I kept wondering how the women would cope after the data production stage was over. I had created a platform for them to reflect on their woman and teacher selves in a way that had transformed their thought processes, and thus I felt responsible that I had made them become more aware of the oppressive conditions in which they lived without providing
any solution for them. While I subscribe to the concept of research for social change (Schratz & Walker, 1995), my experience with the women teachers in this study made me more aware that change could be negative or positive. My hope and intention was for the women teachers to be able to change their personal and professional situations for the better. But then how do I guarantee that the change does become positive, how do I guarantee that whatever decisions they take in relation to their lives do not become harmful to them? This is one of the risks I have had to face in researching a sensitive and taboo subject such as sexuality, which I am still not sure how to work through.

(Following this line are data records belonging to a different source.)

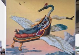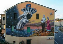 (Aleksei Bordusov) is one of the two artists from the famous Ucrainian duo Interesni Kazki (literally, Interesting Stories), founded in Kiev in 1999 when they were but teenagers; they were pioneers in writing in Est European countries and they slit up in 2016, after reaching their full artistic maturity. AEC, among the most important names in the whole world’s street art, invades the city with allegorical tales of surreal worlds in which light and warm colours give life to fairy-tale characters, even goofy sometimes, and to dreamland lanscapes in which time is suspended and shapes recurr, loosing their original meaning and acquiring new ones. From his fantasy erupt richly detailed universes, full of thoughtful features, originating from local tradition found where the artist is operating during his travels, and they grow up interacting with heterogeneous elements (like religion, mythology, cosmology, history, sci-fi) and reach their full achievement by bringing the spectator, by means of these impressions, to a reflection on more general and deep matters.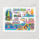 Santa Cruz Illustrated Map Boardwalk Beach Surfing Postcard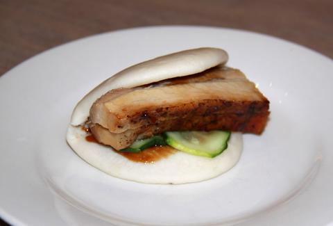 The OG pork bun that spurred a million copycats is surprisingly simple: steamed bao, roasted belly, cucumbers, and scallions.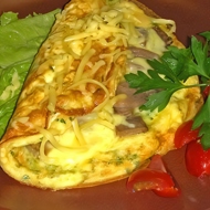 Meanwhile, prepare the second omelette and place it on a serving plate. In the center of the omelette, place the eggplant and tofu mixture, fold the edges of the omelette like an envelope. Garnish with cilantro.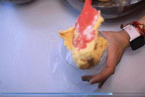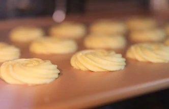 5. 倒入塑料袋,加上裱花模具,均勻地在烤盤(pán)上裱出曲奇形狀。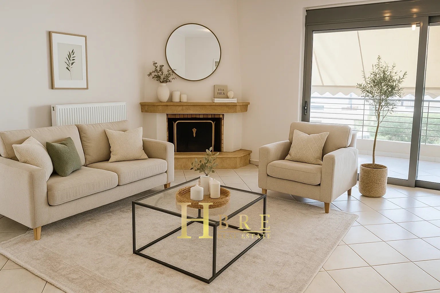 Η μεζονέτα ξεχωρίζει για τον διαμπερή σχεδιασμό της και την ανοιχτή θέα στη θάλασσα, προσφέροντας υψηλή ποιότητα διαβίωσης.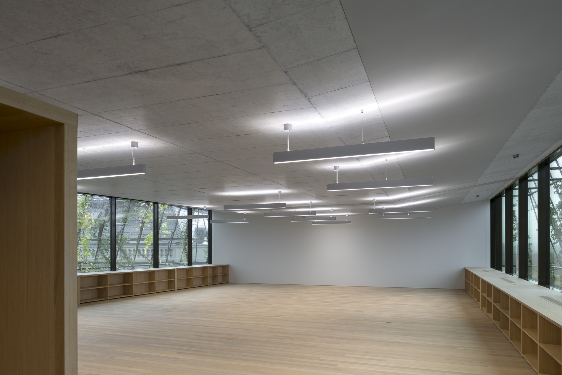 Das etwas ruppige Äußere des Schlössli mit seinem sichtbaren Findlingsmauerwerk war weitgehend intakt und blieb nahezu unverändert erhalten. Der ursprüngliche Gedanke, an den Fassaden der Erweiterung das Motiv des Sichtmauerwerks aufzugreifen, wurde von den Architekten glücklicherweise als zu anbiedernd verworfen, ebenso wie der Einsatz von Holz am verglasten Staffelgeschoss. Hier oben residiert die Museumsverwaltung mit wunderbarem Blick auf Stadt und Landschaft in einem stützenfreien, lichten Raum. Um eine sommerliche Überhitzung zu verhindern, könnte, da bereits baulich vorgesehen, ganz unkompliziert ein Sonnenschutz nachgerüstet werden. Bisher jedoch hat das vorgelagerte begrünte Rankgerüst diese Aufgabe gut bewerkstelligt.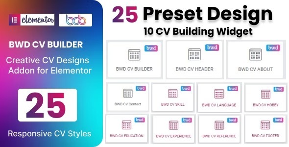 Satış Sayfası “BWD CV Builder”, herhangi bir kodlama bilgisi olmadan web sitenize çekici bir CV eklemek için kullanılan hafif bir Elementor tabanlı WordPress eklentisidir. Kendi tarzınızı yaratmanız için 25 benzersiz ön ayarlı CV tasarımı ve 10 ayrı widget bulunmaktadır. Kind bilgi için 100’den fazla tasarım çok yakında yer alacak.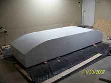 Turned upright, I painted the inside and decks the same way, and reinstalled the landing gear.  I mounted blocks on the nose to catch under the front lip of my pickup truck bed to hold it in place.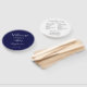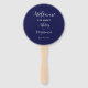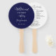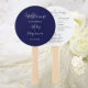 Programa do dia do casamento impresso em um leque manual estilo redondo que apresenta uma cor azul marinho moderna no fundo da frente com os nomes dos noivos em letras brancas estilizadas. O verso do programa lista os participantes da festa de casamento e os ritos da cerimônia em um fundo branco com letras cinza escuro. Edite o leque e substitua as informações do programa de casamento pelas suas. Perfeito para uma cerimônia de casamento interna ou externa! Selecione o número de programas de leque desejado.

On the other hand, Rager (2005) suggests self-care tips that researchers can use when dealing with emotionally taxing research, which I used. I recorded my emotions during the research in a journal and used peer debriefing to dispel anxieties that came up during the field work. I found myself relying on discussions with colleagues during cohort university research seminars and talked about how being involved in the research had affected my personal and professional lives.
Looking back on the journey we took, I do not regret conducting my study the way I did.
It was an experience that changed my life as well as my participants‟ lives. Schratz and Walker (1995, p. 137) succinctly sum up my feelings by stating that “we cannot understand who we are except through social action, and we cannot engage in such action without inviting change. None of us is an island entire.” Clandinin and Connelly (2000, p.
85) have also observed that “enhancing personal and social growth is one of the purposes of narrative inquiry.” Thus I am less fearful of my sexuality and am much stronger today because of my interactions with the participants.